Wall Street anxiously awaits Congress debt deal vote

House minority leader Hakeem Jeffries, D-N.Y., urged his caucus to support a debt ceiling deal Wednesday, saying that lawmakers “cannot allow the perfect to be the enemy of the good.”

Bloomberg News

WASHINGTON —  Between a hectic day of caucus meetings and press conferences, leaders from both parties scrambled to win “yea” votes among their members on the debt ceiling deal ahead of a critical House vote scheduled for late Wednesday evening — only days before a potential default that would upend the U.S. financial system. 

The leaders of both parties still expect the bill to pass, but the tally of “nos” grew in the afternoon leading up to the vote. This likely means that Republicans will need to gain Democrats’ support to get the bill through the lower chamber, according to five people familiar with negotiations. 

The deal, brokered in part by House Financial Services Committee Chairman Patrick McHenry, R-N.C., was met with a sigh of relief from Wall Street when it was announced over the weekend. 
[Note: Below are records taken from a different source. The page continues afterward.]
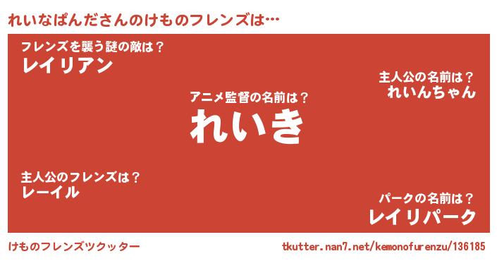 | 意味不明あだ名 | 『とにかく怪しいれいなぱんだ』 |
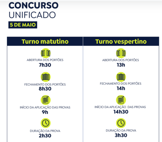 A prova terá início às 9h, com duração de duas horas e trina minutos. Já no turno vespertino, os portões abrirão às 13h e fecharão às 14h. O início da aplicação das provas será às 14h30 e o tempo de duração será de três horas e trinta minutos.
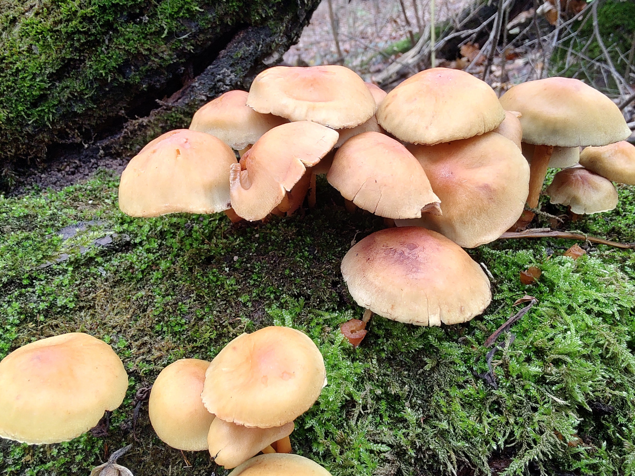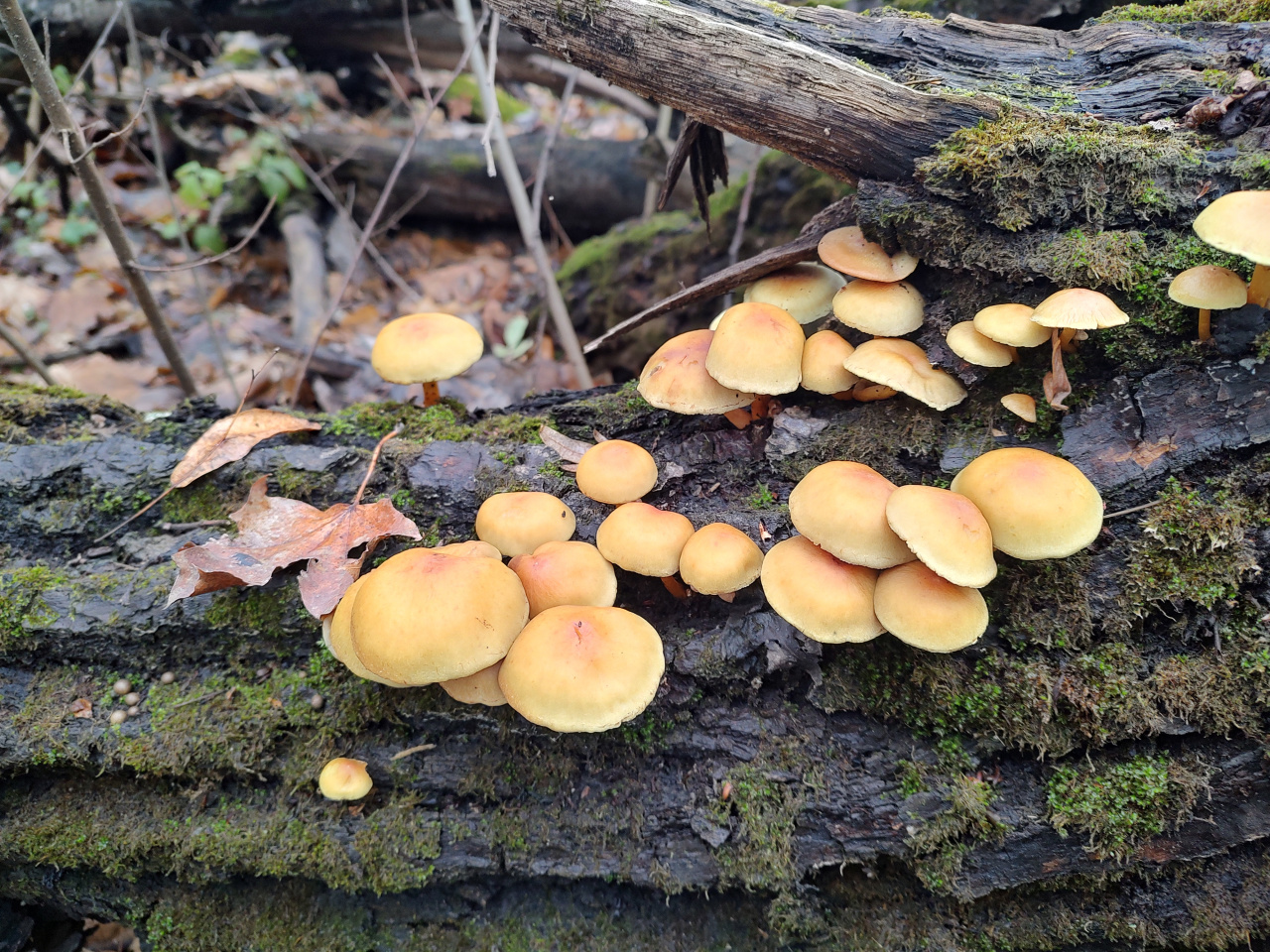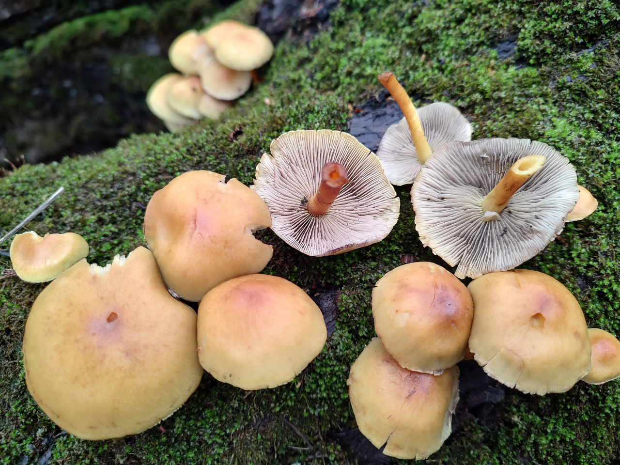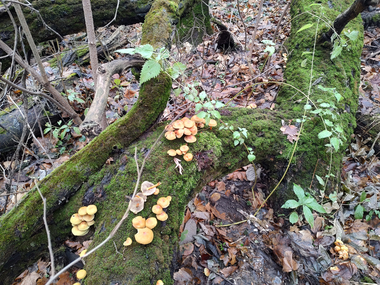 Описание гриба: Гриб похож на Опёнок серопластинчатый, но растёт на старом упавшем дереве лиственной породы, похоже на дуб. Смущает какой-то след от кольца на ножке. Гриб имеет не ярко выраженный грибной запах, на вкус в сыром виде горечи не имеет. 26.11.2025

The deal would avert a default that would be catastrophic for banks by suspending the borrowing limit until January 2025. Bank CEOs had been pushing for such a deal when they visited Washington a few weeks ago, according to three people familiar with the meetings between congressional leadership and Wall Street executives. 

Markets ticked down in the lead-up to the vote. The Dow Jones Industrial Average dropped 118 points, or 0.3%, while the S&P 500 decreased .5% and the Nasdaq slipped 0.4%. 

The bill would cut federal spending by $1.5 trillion over a decade, the Congressional Budget Office said. It would impose stricter work requirements for some food stamp recipients and claw back some funding for the Internal Revenue Service and coronavirus relief. The bill would also end President Joe Biden’s student loan repayment freeze. 

“In a progressive-left administration and Democratic Senate, we will now have new work requirements,” McHenry told reporters. “We have conservative reforms that are included in this debt ceiling, and these things should help Republicans rally to the cause.”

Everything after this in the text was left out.